Weights for Speed 1

Charlie,

In your daily template in weights for speed 1, you talk about the use of general vs specific. You talk about if using the specific–ie cleans. to do a split Am/PM. You suggest day 1 as Speed, Day 2 lift am(cleans) PM tempo, day 3 Speed PM. Would you also do the AM lift on Day 4 and on Day 6? Or is this just a one time split for Day 2 and then still do the AM lift Day 6?

If you did the split would this effect the 48 hr recovery and the High Low intensity days?

If you did AM speed and PM lift Day One with Day2 tempo, day 3 speed with general weights after, day 4 tempo, day 5 am speed and pm lift, so you think that this would work or would the pm specific lifting be affected by am speed?

I pointed out the problem with specific weights. To be fresh, these weights should be carried out early in the session, so AM the next day works better from that perspective BUT this doesn’t allow enough time for CNS recovery before the next speed session so a different weekly schedule is needed- ie speed, weights + tempo, off, speed ,weights + tempo, off.

I haven’t purchased the “Weights for Speed” videos yet, but the above plan is how I decided to address my team’s morning weight room assignment.

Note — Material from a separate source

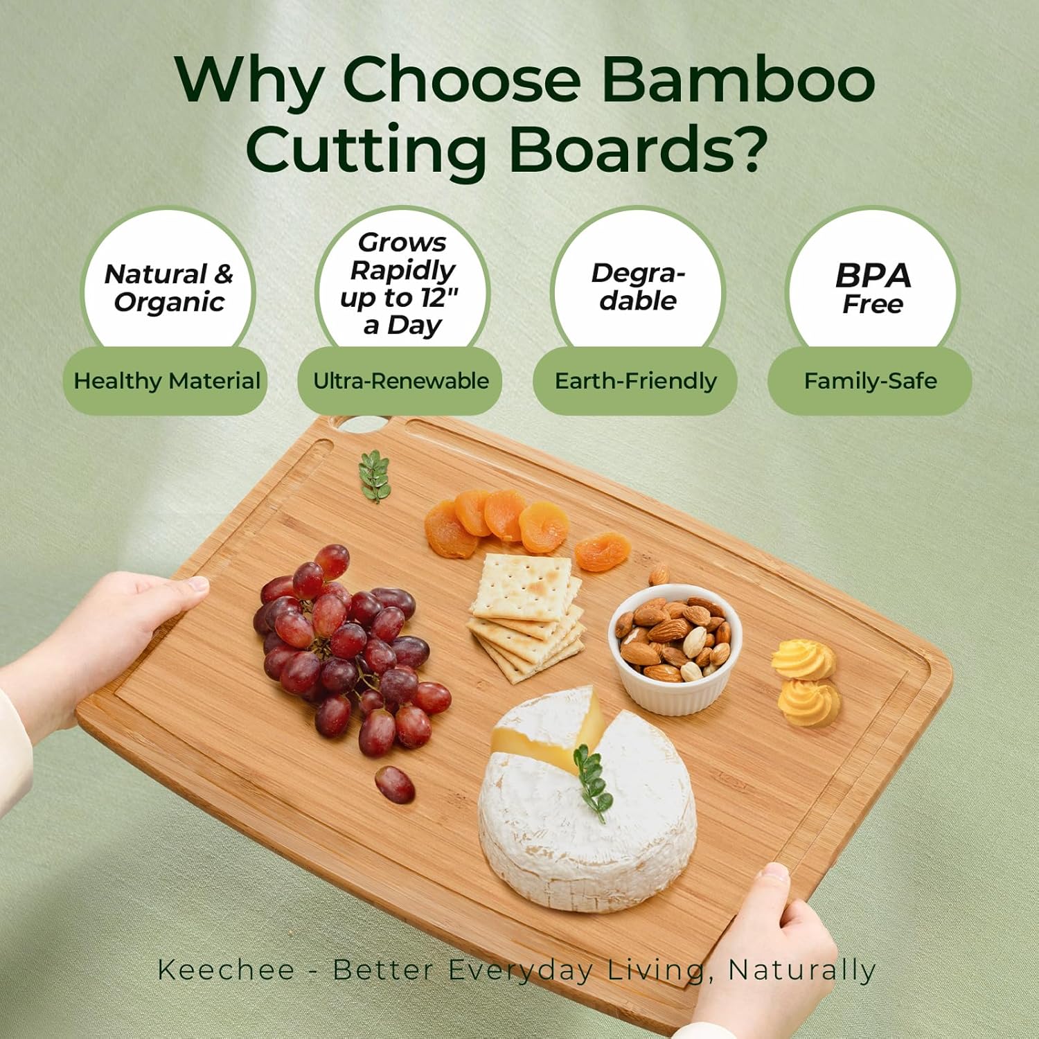 Dishwasher Safe Bamboo Cutting Boards 15.4x11.7in Heat-Resistant Chopping & Charcuterie Board with Juice Groove, Durable Lightweight Kitchen Essentials for Meat, Vegetables, Easy Clean

The problem is that I sense a lack of training density on a 4 day week schedule. The sole remaining question was how integrate a 5th day. I arrived at 3 potential conclusions.

1.) Add another ExT (L-I) day on Wednesday or Saturday. Likely wouldn’t cause problems, especially on Saturdays, but is this too much ExT?

2.) Add a Power Speed or Strength Endurance Day on Saturday or possibly Wednesday. Since this would be of lower intensity it wouldn’t seem to be too taxing.

3.) Shut up, stop being so anxious and live with the 4 day a week schedule. :eek:

All seem to have merit.

#3 or adding another day of extensive tempo would probably be your safest choices.

If you are going to go with #2, I would put the power speed work on the same day as the weights and then move the tempo to the following day. So you would end up with:

  1. speed
  2. weights + power speed
  3. tempo
  4. speed
  5. weights + strength endurance
  6. tempo
  7. off

Very true and this would be consistent with CF’s 2xH-I weekly schedule. Past experience has taught me two things though. First that developing athletes get very tired of high volumes of ExT and do so very quickly. Second that 2xH-I weeks leave athletes a bit short when it comes time to compete.

Actually the idea of of lifting the morning after speed or speed endurance is new enough for CF that I’m still trying to wrap my arms around it. I find it interesting that I came to it independently. It’s kind of a 2x1.5 H-I days a week as proposed.

Can you please explain your comment below.

In my experience, which you can take or leave, 2xH-I days mean that you have either one for Speed and one for Speed/Specific Endurance, OR you compromise and have a bit of both on each day.

In the first scenario there simply isn’t enough of either type of work to make progress. In the second there is a greater possibility of getting enough stimulus, but it’s a delicate balance.

Interesting. I’ve found it just the opposite this season with reference to ExT and HI volumes. Though I’m considering 22.x and 51.x as developmental.

However, a week after a microcycle similar to what you proposed produced the largest performance gains with these athletes to-date. They went:
[ol]
[li]HI prep/AL speed
[/li][li]Weights/ExTempo
[/li][li]OFF
[/li][li]Weights/AL speed
[/li][li]HI prep/SE
[/li][li]ExTempo
[/li][li]OFF
[/li][/ol]

Not sure on some of your abbreviations. What is AL speed?

With AL - alactic speed. Relatively short speed (4-5 second duration) with large recovery durations. However, in the case of that week, they were E-F-E runs.

HI prep was similar to CF’s power speed protocols.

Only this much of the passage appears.